Objectives To examine the association between antiepileptic drug (AED) receipt and suicide-related behavior (SRB) in older veterans. Design Retrospective database analysis. Setting Veterans Health Administration (VHA) inpatient and outpatient care. Participants Veterans aged 65 and older in 2004 to 2006. Measurements SRB was identified using International Classification of Diseases, Ninth Revision, Clinical Modification codes, and new AED monotherapy was identified using the VHA product variable in pharmacy data. Comorbid conditions and medications were also identified as potential confounders using previously validated algorithms. Cox proportional hazards models controlling for the propensity to receive AEDs examined the association between any AED exposure, specific AEDs, and time to SRB. Results Within the eligible sample of 2.15 million individuals, 332 cases of SRB were found. Overall, 98% of participants were male, and 67% were non-Hispanic white.
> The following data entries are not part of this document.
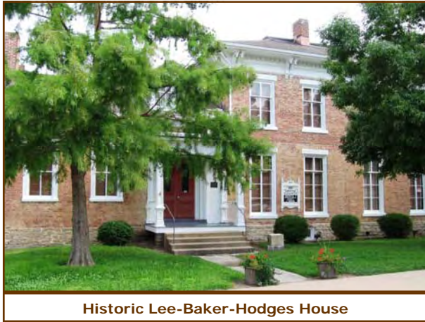
Historic Lee-Baker-Hodges House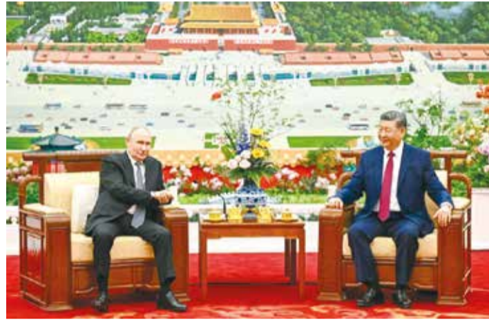
Russia's President Vladimir Putin and China's President Xi Jinping hold a tea chat in Beijing

an "unprecedentedly high level" despite "unfavourable external factors", Russian media footage showed.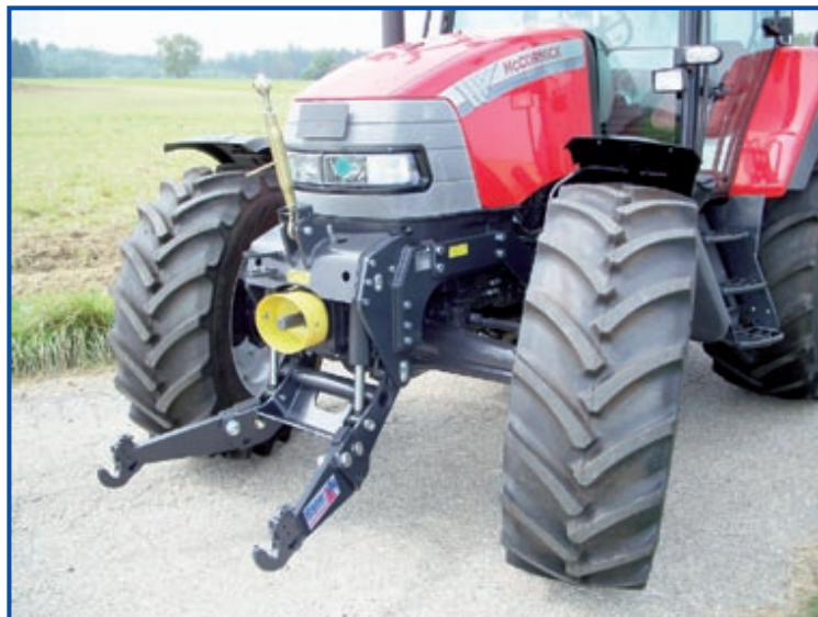
Front linkage and PTO are a compact unit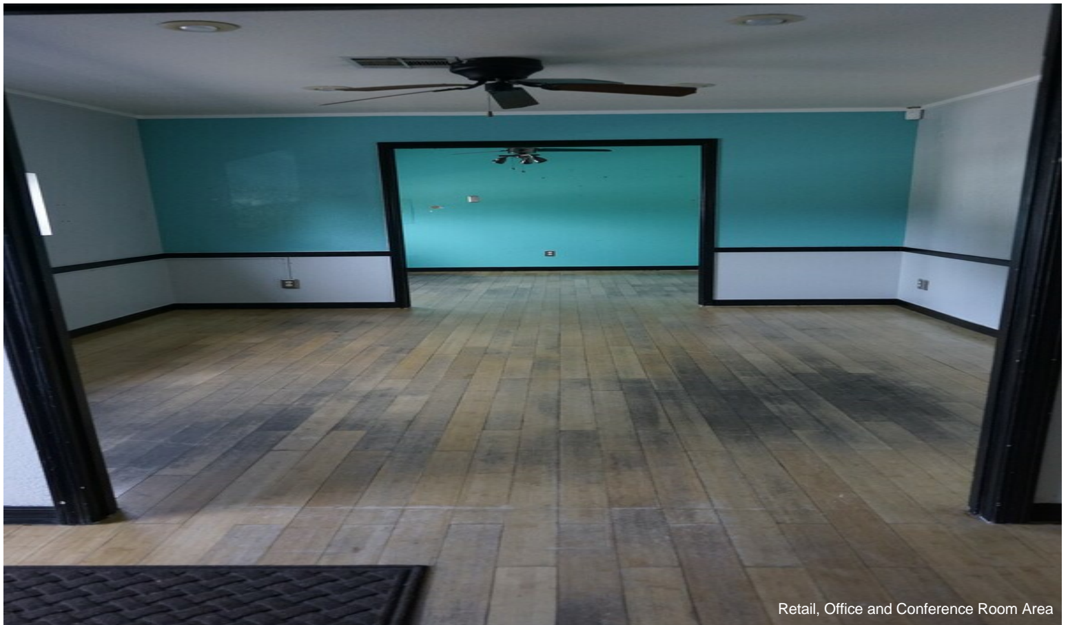
Retail, Office and Conference Room Area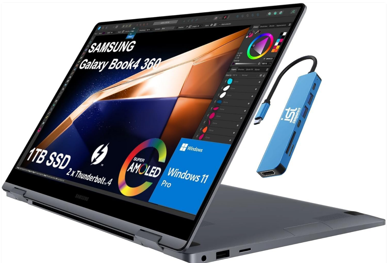
Image 1.1: The Samsung Galaxy Book4 360 laptop with an external USB-C hub. The laptop is shown in a partially folded position, highlighting

The Samsung Galaxy Book4 360 is a versatile 2-in-1 laptop designed for flexibility and performance. It features a 15.6-inch FHD AMOLED touchscreen, an Intel Core 5 120U processor, 16GB DDR5 RAM, and a 1TB PCIe NVMe M.2 SSD. This device supports multiple modes of use, including laptop, tent, stand, and tablet, adapting to various tasks and environments. It comes with Windows 11 Pro and integrated AI capabilities.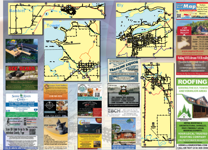
(Actual map size 19"x26")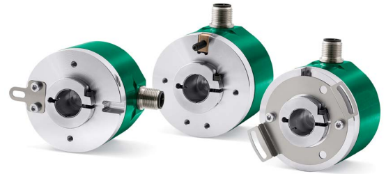
CK60 • CK58 • CK59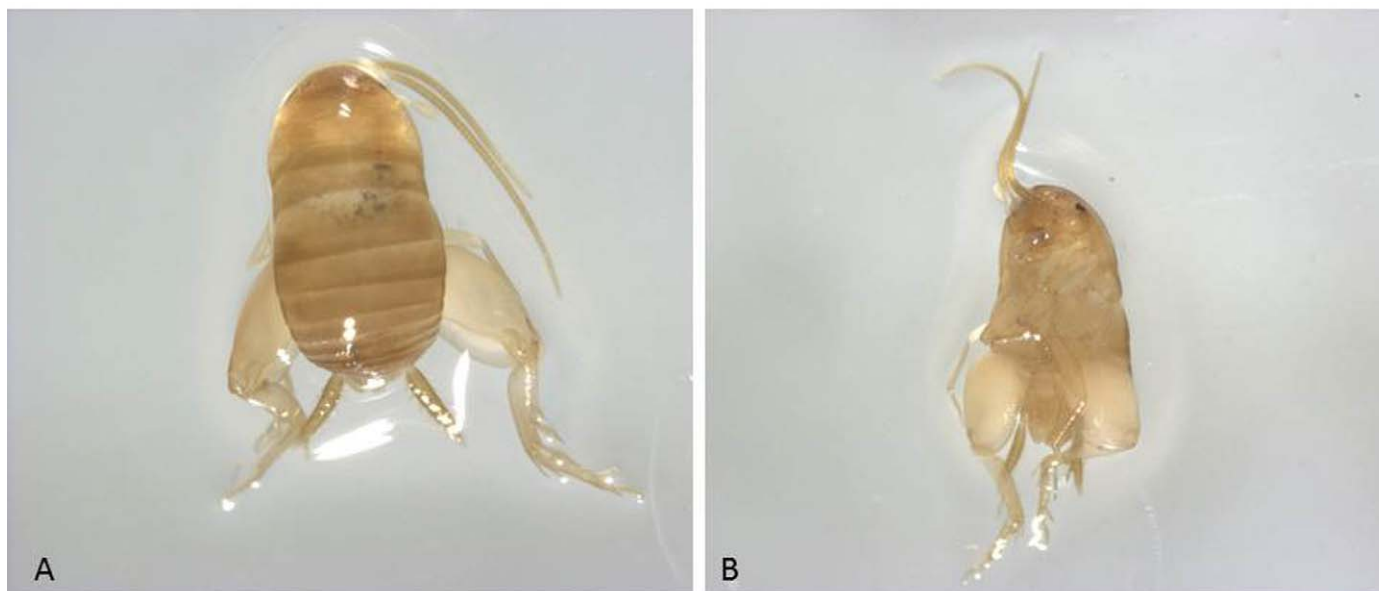
Fig. 1. The dorsal (A) and ventral (B) sides of a Myrmecophilus nebrascensis individual from Beaver County, Oklahoma.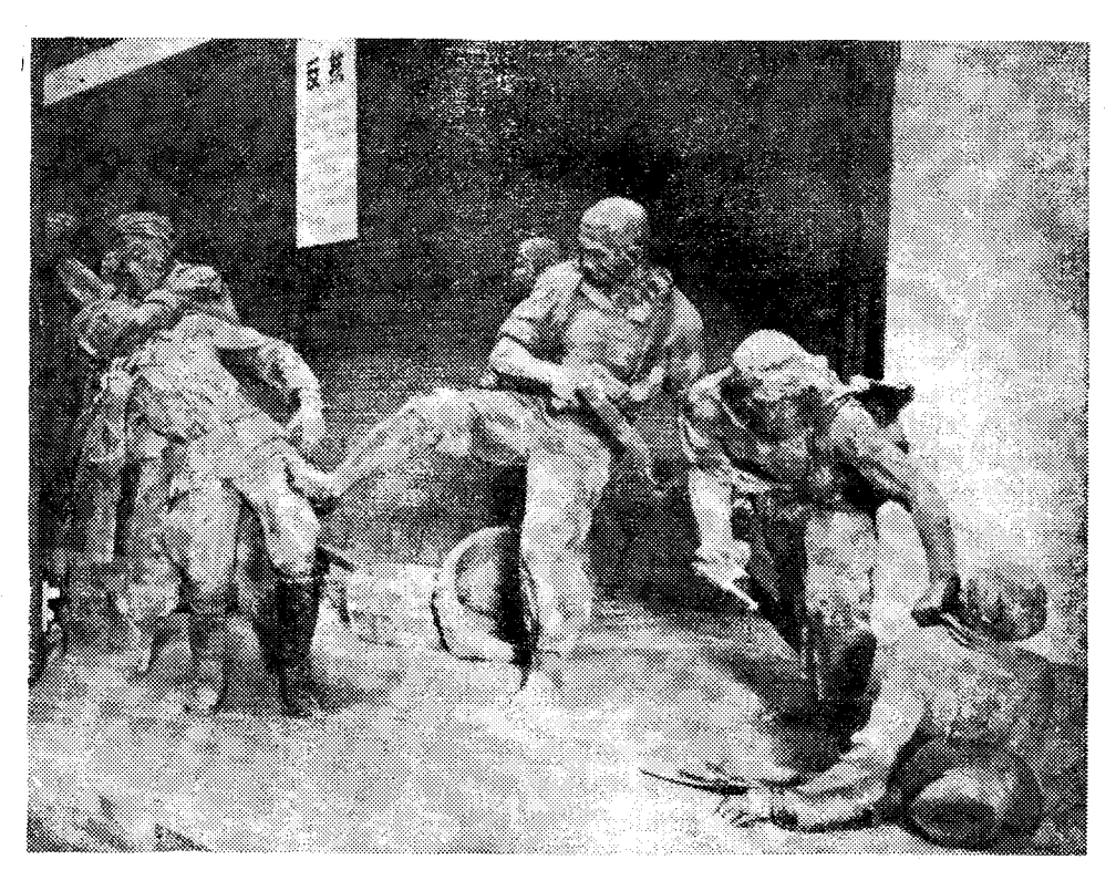
New figures in Rent Collection Courtyard: The awakened peasants in organized and well-led resistance seize arms from the landlords' guards

The compound was an arena of class struggle. It was a focal point of confrontation of the exploiter and the exploited, the oppressor and the oppressed. It was a gateway of life and death. The process of collecting rent in the courtyard was no simple business transaction. It was a process of the landlord class economically exploiting and politically oppressing the peasants. Class struggle was the very essence while paying and collecting rent was only a phenomenon. This was the "key."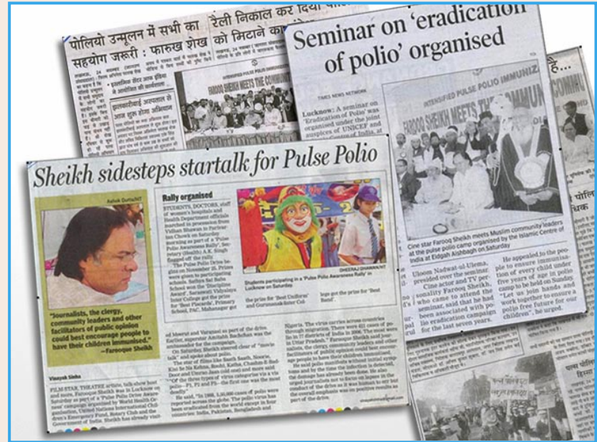
Some of the media coverage on Farooque Shaikh's visit to Lucknow

in positive and neutral media – 46 and 41.5 per cent in Delhi and Mumbai. What is notable, however, is the overall increase in the number of stories reported across the three locations during the months of July to September. For instance, while 186 stories were recorded in Delhi-Mumbai papers in April-June period, as many as 310 stories were recorded between July and September – more than 60 per cent increase. Lucknow and the western Uttar Pradesh districts, too, reported a similar increase indicating a huge media interest in polio. While the reason for this is more cases being reported, a decline in negative media stories around this time shows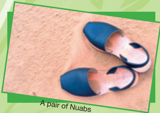
A pair of Nuabs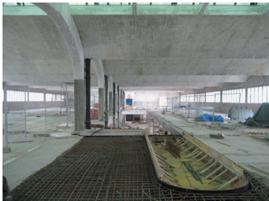
Fig. 8: The central element of the reconstruction work is a cut through the concrete ceiling.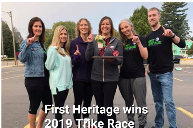
First Heritage wins 2019 Trike Race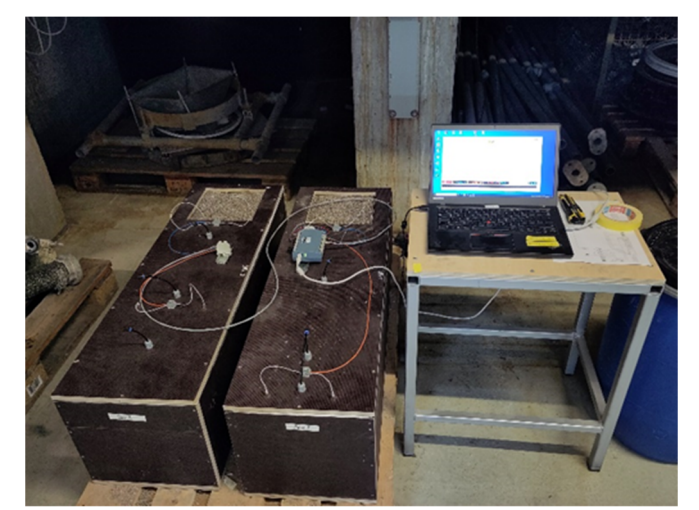
Microbial fuel cell experiments at USTUTT.

USTUTT has set up an upscaled Microbial Fuel Cell experiment to help gain insights into the development of BER technology and a field test is planned for 2024.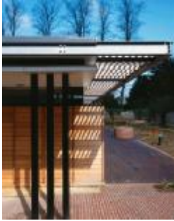
Wendover House School, Aylesbury, Buckinghamshire.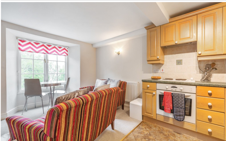
Open Plan Living Room and Kitchen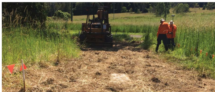
Pockets of vegetation are being cleared for utilities relocation

For activities that require access to private property, the Woolgoolga to Ballina project team will contact landowners to seek approval to enter. Thank you for your cooperation and assistance while we carry out this important work.

Affective disorders and severe psychiatric conditions were strongly associated with SRB and were included in the propensity score. AED exposure displayed a significant association with SRB (odds ratio = 4.10, 95% confidence interval (CI) = 3.85-6.63) after adjusting for propensity to receive AEDs. Stratified analyses found similar results for those with (hazard ratio (HR) = 4.00, 95% CI = 2.9-5.5) and without (HR = 4.57, 95% CI = 1.15-18.20) mental health comorbidities. Gabapentin, phenytoin, lamotrigine, levetiracetam, topiramate, and valproate were significantly associated with SRB. Conclusion Exposure to five common AEDs was associated with SRB in older VHA beneficiaries. Given the strong associations between psychiatric comorbidity and SRB, clinicians treating elderly adults should weigh this potential adverse effect into their consideration for treatment of those receiving AEDs. Particular attention should be given to depression and suicidality screening in people prescribed AEDs.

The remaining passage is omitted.